Asama - 06.27.2020 / 3:42 p.m. loc. - Osasa Camera, Maechan Net
The J.M.A. raised the alert level of Asama, on the island of Honshu in Japan, to 2 / do not approach the crater, on June 25 at 3 p.m. JST. It is advised not to enter the danger zone in the municipalities of Gunma: Tsumagoi-mura, Nagano: Komoro-shi, Karuizawa-machi, Miyota-machi.
Since June 20, seismic activity on the western flank of the volcano has continued at fluctuating levels. On June 24 and 25, the seismic station recorded 59 and 69 volcano-tectonic earthquakes respectively.
An eruption could occur without warning.
The warning bulletin indicates that the ballistic impacts of volcanic bombs and pyroclastic flows could affect an area about 2 km away from the main crater.
Asama - Topography - doc. K. Nakajima / Geological Survey of Japan
Asama could be involved in the famine that marked Europe between 1108 and 1113, according to a recent study on the sulphate deposits of the last millennium in the ice cores of Greenland.
Long considered the product of the 1104 CE Hekla (Iceland) eruption, this event can now be associated with significant deposits observed in Antarctica according to a chronology revised in the same way.
Several closely spaced volcanic eruptions occurred between 1108 and 1110 CE. The sources of these eruptions remain unknown, but the study suggests that Mount Asama, the largest eruption of the Holocene occurred in August 1108 CE (Global Volcanism Program / Asama - eruption of 29.08.1108 at October 1108 - VEI 5 confirmed), and is credibly documented by a contemporary Japanese observer, as a plausible contributor to the high concentration of sulfate in Greenland.
The dendroclimatological data and the historical documentation also attest to serious climatic anomalies following the proposed eruptions, which provided the environmental conditions prior to the subsistence crises experienced in Western Europe between 1109 and 1111 CE.
- Global Volcanism Program - Asama - eruptive history - link
- Nature - Scientific reports - Guillet, S., Corona, C., Ludlow, F. et al.
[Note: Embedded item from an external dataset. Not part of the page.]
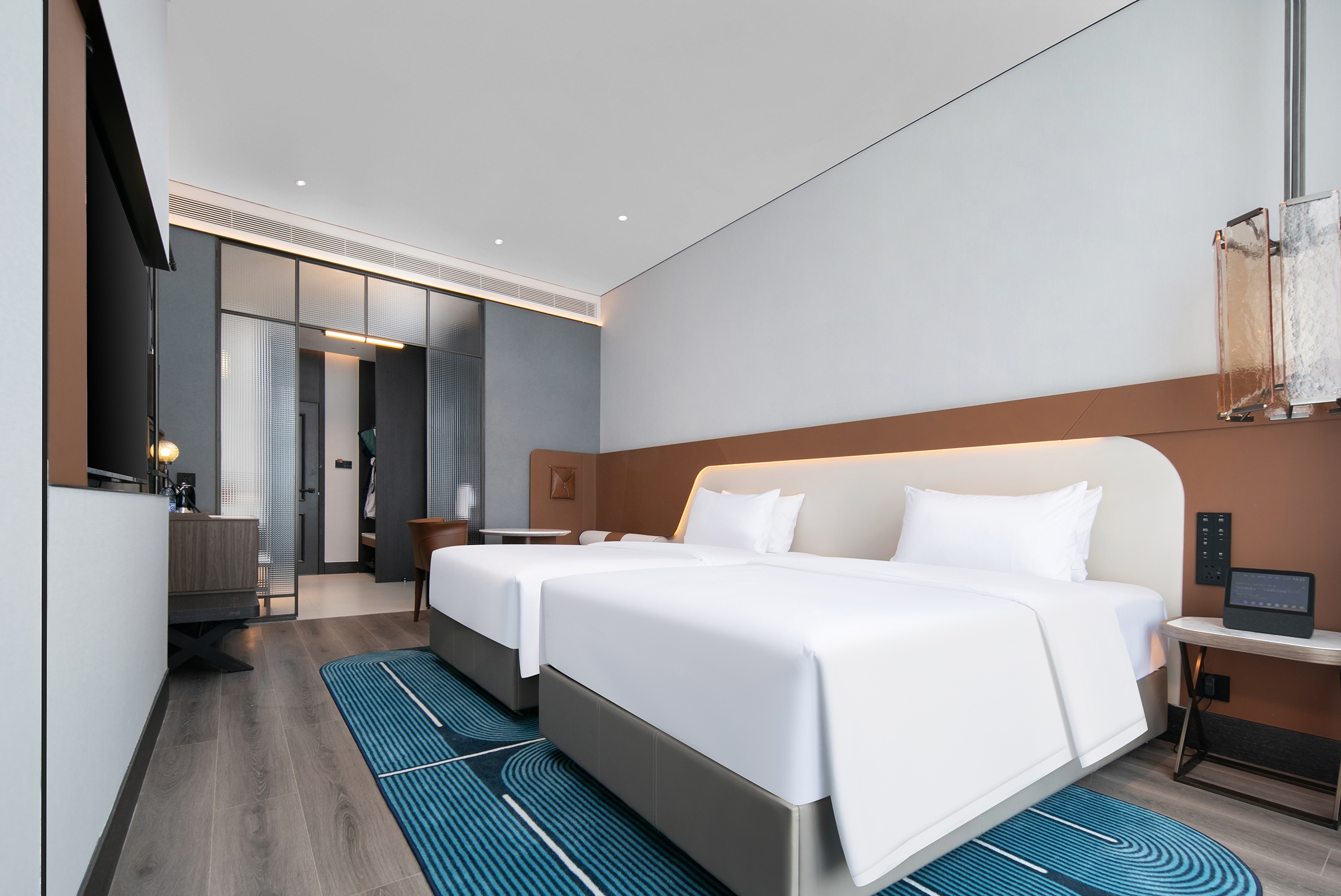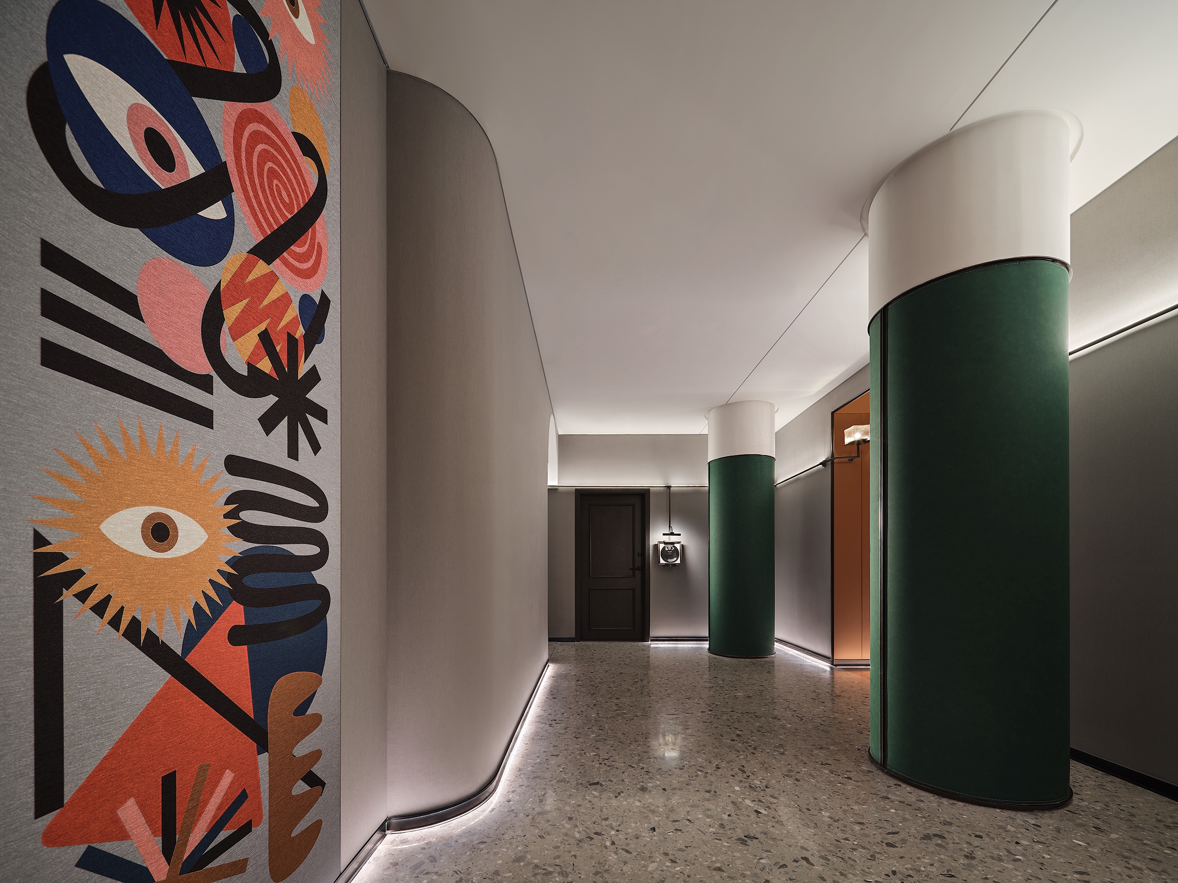 This project is situated on Pengliuyang West Road in the historic area of Yellow Crane Tower in Wuchang, right at the heart of the city and surrounded by scenic attractions, thus boasting unique tourism resources. As Yellow Crane Tower's popularity grows, there's been a surge in demand for vacation spots, paving the way for imminent land value realization. Drawing inspiration from the art style of Keith Haring and the iconic Wuhan dish "Hot Dry Noodles", the design team has embarked on exploring the concept of "art in a single line" through abstract curves, to probe the symbiosis of commerce and art. This approach integrates aesthetic living into the hotel, creating a relaxed social space aimed at the youth. Embracing a "relaxed hotel" theme, the design spreads across three levels: art, boutique, and social. The layout includes a ground-floor rainforest-themed pocket park and café, boutique hotel rooms on the second to fourth floors, and a combination of creative office spaces and art galleries on the fifth and sixth floors. This configuration allows guests to enjoy an artistic lifestyle during their stay, making the hotel a destination for urban living.
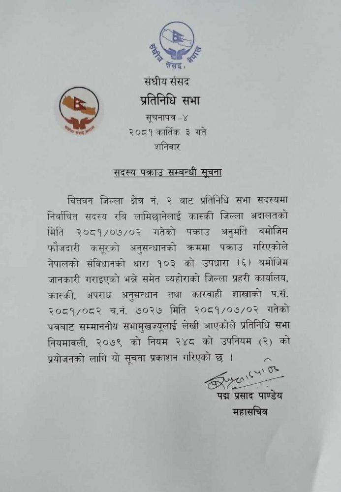 संघीय संसद सचिवालयका महासचिव पद्मप्रसाद पाण्डेयले जारी गरेको विज्ञप्तिमा पनि लामिछानेलाई फौजदारी कसूरको अनुसन्धानको क्रममा पक्राउ गरिएको जानकारी प्रहरीले शुक्रबार नै सभामुखलाई दिएको उल्लेख छ।

Climatic and societal impacts of a “forgotten” cluster of volcanic eruptions in 1108-1110 CE. Sci Rep 10, 6715 (2020). - link
- Surveillance cameras - thanks to Yukio Hayakawa
Onioshi camera, Japan Meteorological Agency
Kurogayama Camera, Nagano Prefecture Saku Construction Office
Osasa Camera, Maechan Net
Dodaira Camera, Tokigawa City, Saitama Prefecture
Nishinoshima - 06.26.2020 - strong SO2 signal (38.72DU of SO2 at an altitude of 7.17km. - Doc. Sentinel-5P Tropomi / DLR / BIRA / ESA
The VAAC Tokyo reports this June 26 at 12h Z that ash emissions continue in Nishinoshima. Confirmed at an eastward flight altitude of 100 / Himawari-8 satellite data.
A strong sulfur dioxide signal was detected on June 26 from 38.72 DU of SO2 at an altitude of 7.1 km northeast, via Sentinel- 5P / Tropomi.
Sources: VAAC Tokyo and Sentinel-5P / Tropomi
Nishinoshima - Volcanic Ash Advisory 26.06.2020 - Doc. VAAC Tokyo
Ebeko - ash plume - Doc. ASTv / Photo by Sergey Lakomov / 27.06.2020
A moderate eruptive activity continues at the Ebeko, in the Kurils.
According to observations by volcanologists at Severo-Kurilsk, the explosions were accompanied by ash plumes at 2,200 meters asl. on June 25, 2,500 meters asl. on June 26 and more than 1,900 meters asl. on June 27.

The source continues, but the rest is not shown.